Friday morning, the club emailed the interested parties and updated its sale process. Rather than hosting an auction on NFT marketplace OpenSea, Necaxa is directly requesting best and final sealed bids by June 17. The reserve price is $1.3 million, with the winner receiving ownership benefits (though no voting rights) and the ability to sell their stake to anyone meeting a baseline standard.
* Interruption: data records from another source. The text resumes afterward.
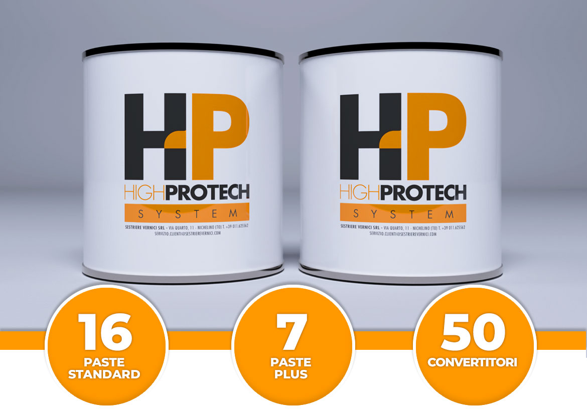Highprotech System è composto da: 16 paste standard, 7 paste PLUS per la massima precisione formulativa, e 50 convertitori neutri, mono e bicomponenti, in confezioni pre-pesate per ridurre il tempo di realizzazione della tinta e meno rifiuti da smaltire.
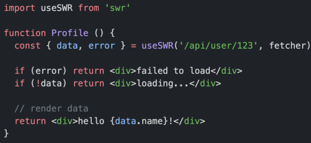 이는 useSWR('/api/user/123’, fetcher)를 여러 컴포넌트에서 사용하여도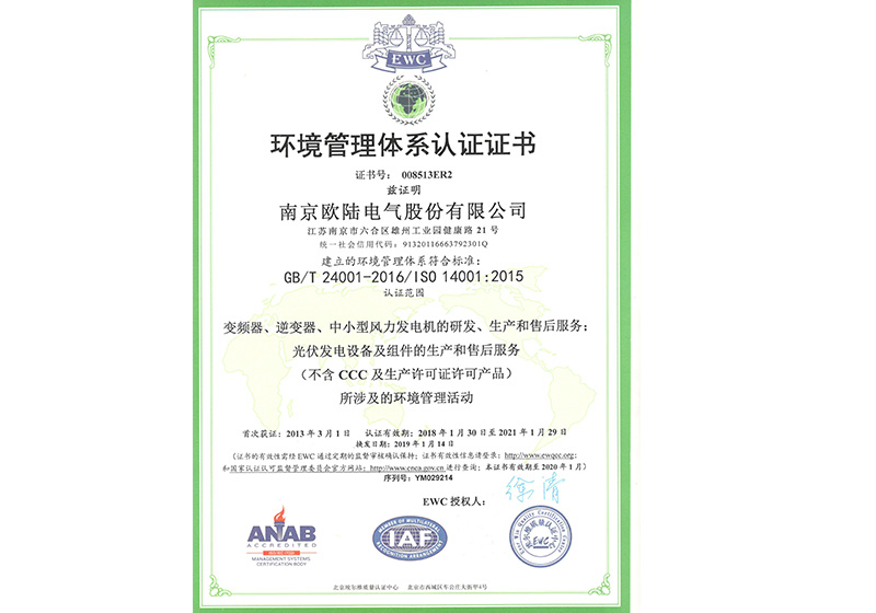 • 環(huán)境管理體系認(rèn)證證書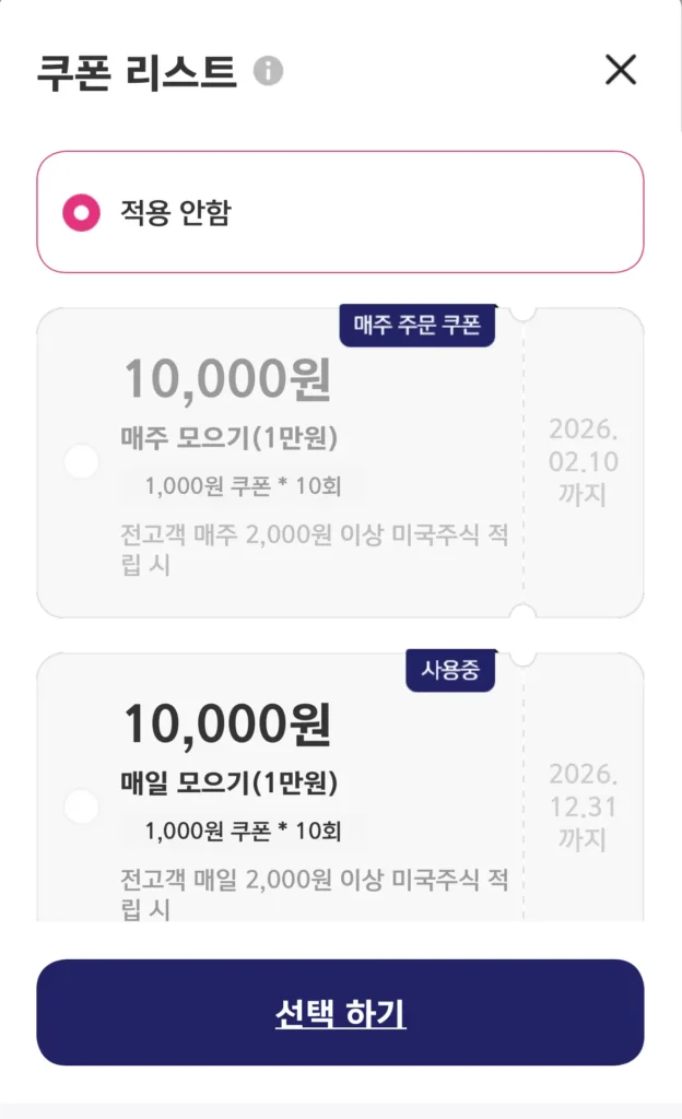단 현재 진행된 쿠폰은 해외주식 더모으기에만 사용가능합니다.
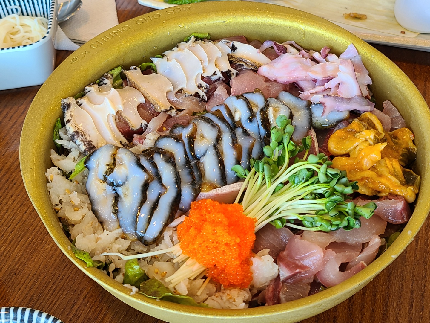 보시다시피 해삼과 활전복을 메인으로 하고 그밖에 몇 가지 생선회, 멍게, 날치알, 채소가 듬뿍 올라가 있었고 아래엔 육수가 깔려 있었어요. 비주얼은 합격!

The team says it has already received a bid higher than the reserve price.
Following Necaxa’s initial announcement, the Mexican Football Federation said any changes to team control would still require league approval, before the club put out a statement last Friday reiterating its plans.
Tylis said the NFT’s website drew 50,000 visits and three offers to preempt next week’s auction. “This is a new asset class, where we are creating the first of its kind,” Tylis told Bloomberg last week. “And if I’m right and there will be other sports teams [which create] assets that have NFTs, I believe that [this stake], which is the first of its kind ever, will have real, tangible, long-term value.”
Tylis, who has also invested in soccer teams in the U.S., Wales and New Zealand, co-led an investor group that recently bought 50% of Necaxa. The club was valued in the low nine figures at the time. The first significant U.S. investment in a Liga MX team also drew a collection of celebrity investors, including actress Eva Longoria, model Kate Upton and athletes Mesut Ozil, Justin Verlander, Richard Hamilton, Victor Oladipo and Bode Miller.